Support for the housing component might include financing from the Canada Mortgage and Housing Corporation, rather than grants, though he hopes for federal cash for the new JCC building. He credited the federal government for stepping up with funding for security infrastructure for communities at risk, but added there is always need for more.

* * *

The rise of hate-motivated rhetoric and violence leads some community leaders to call for more federal action and leadership.

“With the rise of antisemitism, racism and far-right extremism, particularly in the online space, the Vancouver Holocaust Education Centre would welcome a comprehensive strategy to tackle hate in all its forms,” said Nina Krieger, executive director of the VHEC.

Russ Klein, principal of King David High School, would like to hear party leaders and candidates address how they are demonstrating moral and ethical leadership that creates trust and inspires Canadians, especially young people.

“How will they work to ease a society which seems quick to feel fear and seems overly stressed and anxious?” asked Klein. “I want to know how they will support a kinder, more inclusive society that offers hope and opportunity for all but especially to young people and to the most vulnerable in our society. How will they work to maintain affordable housing, livable wages and allow people to manage a balanced lifestyle in cities like Vancouver, where young families cannot afford to live in their current community? We live in extremely concerning times globally and I want Canada to lead in decreasing world tensions – how will they do that?”

* * *

Similar broad topics arose among a handful of University of British Columbia students who met at Hillel House to discuss issues that are important to them. All agreed that there has not been enough discussion of foreign affairs and there is a lack of substantive difference between the parties on issues like immigration.

“I don’t see any candidate that has a clear foreign policy vision, even though I think Chrystia Freeland is, personally, a great minister of foreign affairs,” said Adam Yosef Dobrer, a third-year political science student who is volunteering on Zach Segal’s Conservative campaign in Vancouver Granville.

Dobrer also wants Canada to return to the Conservative policy of defunding the United Nations Relief and Works Agency for Palestine Refugees in the Near East (UNRWA), which he called the greatest obstacle to peace between Israelis and Palestinians.

“In the last four years, I found it very difficult to understand where Canada as a nation lies in foreign affairs,” said Nika Perel, a fourth-year psychology student from Ontario who plans to vote Conservative. She credited the previous Conservative government with more clarity on Israel and Palestine and on Russia and Ukraine. “Stephen Harper made it very clear that he took a position supporting Ukraine.”

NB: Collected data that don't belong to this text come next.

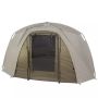 Het voorpaneel bevat volledige ritsen voor eenvoudige bevestiging aan uw 100T Paraplu en biedt een korte sessie een direct opgewaardeerde paraplu. Het paneel heeft dubbele deuren met rits die geopend en vastgezet kunnen worden wanneer je je bagage draagt en je gemakkelijk in of uit de schuilplaats wilt gaan. De deuren maken het ook mogelijk voor een brievenbusopening, zodat u op uw visstoel kunt zitten en de meeste tocht buiten kunt houden, maar toch zicht hebt op uw hengels.
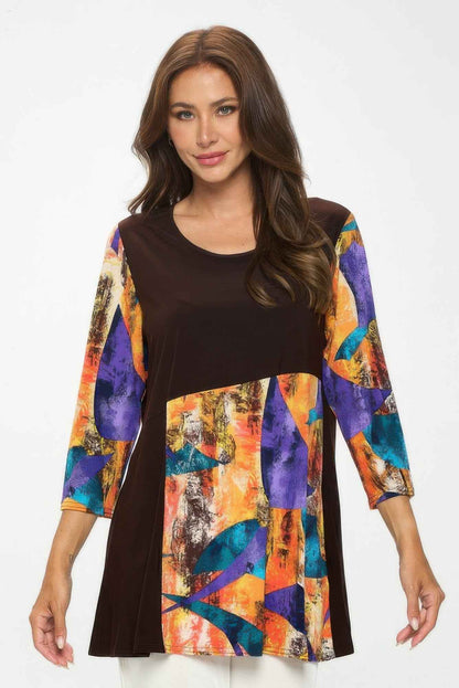 Clean lines and subtle contrast give this knit top a polished, modern edge. The round neckline and quarter sleeves offer timeless appeal, while the curved color-blocking adds shape and visual interest. Crafted from soft ITY fabric with flexible stretch, it's an easy piece to dress up or down. Made in the USA for lasting quality.
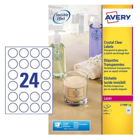 Etichette trasparenti lucide in poliestere QuickPEEL™, per stampanti Laser. Devi etichettare buste o pacchi colorati e vuoi che si differenzino da tutte le altre? Utilizza le etichette trasparenti per indirizzi per buste e pacchi. Una volta applicata l'etichetta su una busta o un pacco colorato questa risulta completamente invisibile, si vede solo ciò che vi è stampato sopra. Facili da stampare con il software e i modelli preimpostati gratuiti Avery Crea & Stampa. Formato Ø 40 mm, 24 etichette per foglio, confezione da 25 fogli, 600 etichette per confezione. Facili da rimuovere e applicare grazie alla tecnologia QuickPEEL™ che libera un lato dell’etichetta e rende l’etichettatura più veloce. Adesivo permanente, perfetto per essere applicato su vetro, metallo, cartone e plastica. Finitura lucida che dona un aspetto curato e professionale ai prodotti. La soluzione ideale per mettere in risalto messaggi importanti e dare un tocco professionale alle tue creazioni. 99,1x67,7 Mm 45,7x25,4 Mm
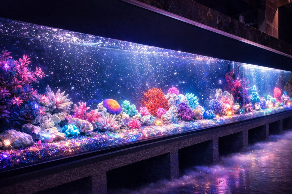 珊瑚のコンセプトは「大人の隠れ家」。落ち着いた照明と音楽が流れる店内に、水槽の魚がゆったりと泳ぐ、リラックスできる空間です。2026年1月末からはこたつスペースも導入され、よりくつろいだ雰囲気で過ごせるようになっています。
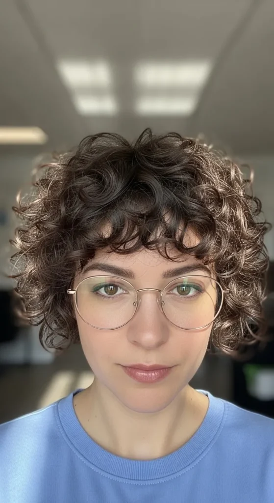 Short curly fringes sit above the eyebrows and create a bold look. Use a small amount of gel or cream for shape. Let curls dry naturally. This style requires little daily effort. It brings focus to your eyes and adds a youthful feel. It works well with layered or long hair.
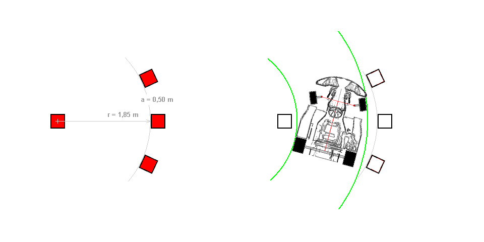 Radius vom Mittelpunkt der inneren Pylone 1,85 m
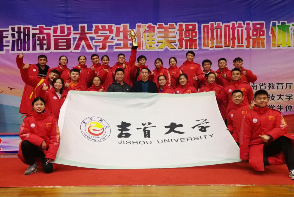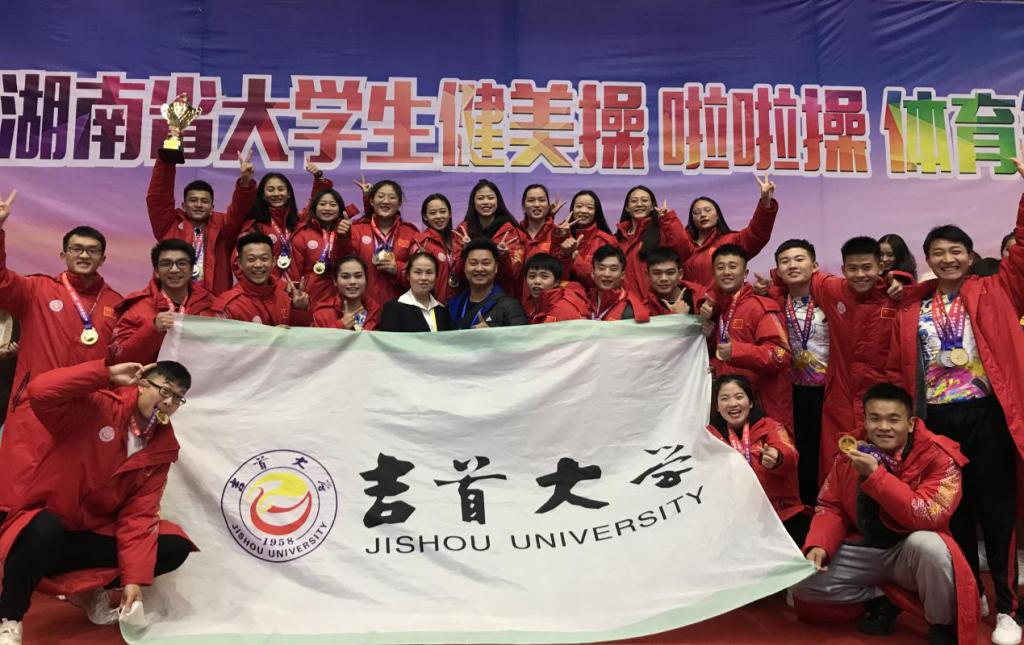 本网讯(文理中)11月18日—22日,由湖南省教育厅举办的2019年湖南省老员工健美操比赛在湖南科技大学隆重举行。经过5天的激烈比赛,qy球友会代表队发扬顽强拼搏、勇于争先的精神,在参加大学组的7个项目比赛中,荣获技巧啦啦操、街舞啦啦操和男子三人操3项第一名;女子五人操、男子五人操和混合五人操2项第二名;花球啦啦操1项第三名和大学组团体总分第三名的优异成绩。
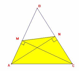 1ro) En el gráfico mostrado el cuadrilátero AMNC es inscriptible (cuadrilátero que por sus vértices pasa una circunferencia) luego AC es el diámetro de una sola circunferencia luego los punto M y N pertenecen a dicha circunferencia

Jake Reznik, a nursing student with an undergraduate degree in kinesiology who remains an undecided voter, said Canada is not adequately standing up to China over its treatment of the Muslim-minority Uygher population or its other human rights violations. He added: “There is a lot of influence that the Chinese government does have in Canada that goes under-recognized.”

Matt Perzow, an NDP supporter who plans to vote strategically for Joyce Murray, the Liberal candidate in Vancouver Quadra, to prevent a Conservative government, emphasized health care, including mental health services. Defending Canadian values like multiculturalism and care for the most vulnerable are also things he wants to see party leaders prioritize.

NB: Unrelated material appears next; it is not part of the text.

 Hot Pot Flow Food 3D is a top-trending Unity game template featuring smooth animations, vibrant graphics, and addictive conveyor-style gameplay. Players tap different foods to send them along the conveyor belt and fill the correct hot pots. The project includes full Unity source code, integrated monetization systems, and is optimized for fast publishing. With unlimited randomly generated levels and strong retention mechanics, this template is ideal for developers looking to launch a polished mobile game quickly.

All the students agreed that supporting Israel is an important consideration in their vote, but also said it will not be the deciding factor.

“I wouldn’t vote for any party that I thought would jeopardize the future of the Jewish people, whether it’s in Canada, in Israel or in another place,” said Perzow. “I’m not voting for somebody because of that issue, but, if I thought that something compromised the well-being of the Jewish people, I wouldn’t support them.”

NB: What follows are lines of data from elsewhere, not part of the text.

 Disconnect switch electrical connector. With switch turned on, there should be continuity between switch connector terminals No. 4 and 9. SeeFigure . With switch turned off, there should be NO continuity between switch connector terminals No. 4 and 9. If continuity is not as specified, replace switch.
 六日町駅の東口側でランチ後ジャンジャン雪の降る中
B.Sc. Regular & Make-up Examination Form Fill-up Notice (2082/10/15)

Dobrer, whose family migrated to Canada from Israel when he was an infant because of the Second Intifada, said he has a “very resonant emotional connection” to Israel “but I am a Canadian first.” He is concerned about some election candidates, including Green party MP Paul Manly, who Dobrer says has a “long and sordid history of antisemitism and 9/11 ‘trutherism’ and delving into conspiracy theories.” (After being elected in a by-election this year, Manly denied he supports 9/11 conspiracies after the CBC reported on statements he had made in 2007 and 2011.)

The students all agreed that the environment and climate change are top issues for them and their peers, but expressed nearly universal hopelessness that anything substantive would change.

“I have no doubt that it will not be addressed,” said Reznik. “I know personally I’m not going to be willing to sacrifice my own standard of living and, at the same time, I think it is tremendously insulting on my part to tell someone else that they can’t attain my standard of living that we have here.”

“A lot of people are standing up and screaming about things, but they’re not going to do anything about it,” said Perel.

A hint of hope came from Dobrer: “From the government, I’m very skeptical. But from young intellectual minds, from the not-for-profit sector, from the private sector, every day there is more and more innovation, technological advances and more intellectual capital devoted to dealing with climate change.”

Posted on October 11, 2019October 10, 2019Author Pat JohnsonCategories LocalTags Adam Yosef Dobrer, Alice Sundberg, Canada, Eldad Goldfarb, federal election, Hillel House, Jake Reznik, JCCGV, Jewish Community Centre, KDHS, King David High School, Matt Perzow, Nika Perel, Nina Krieger, politics, Russ Klein, Tikva Housing, UBC, Vancouver Holocaust Education Centre, VHEC, Weinberg Residence
B.C. helps JCC re-do

B.C. helps JCC re-do

Left to right: The Hon. Selina Robinson, B.C. minister of municipal affairs and housing; Michelle Pollock, past president of the Jewish Community Centre of Greater Vancouver; and Eldad Goldfarb, JCCGV executive director. (photo from JCCGV)

Selina Robinson, British Columbia’s minister of municipal affairs and housing, visited the Jewish Community Centre of Greater Vancouver last month to make an announcement regarding the centre’s planned redevelopment.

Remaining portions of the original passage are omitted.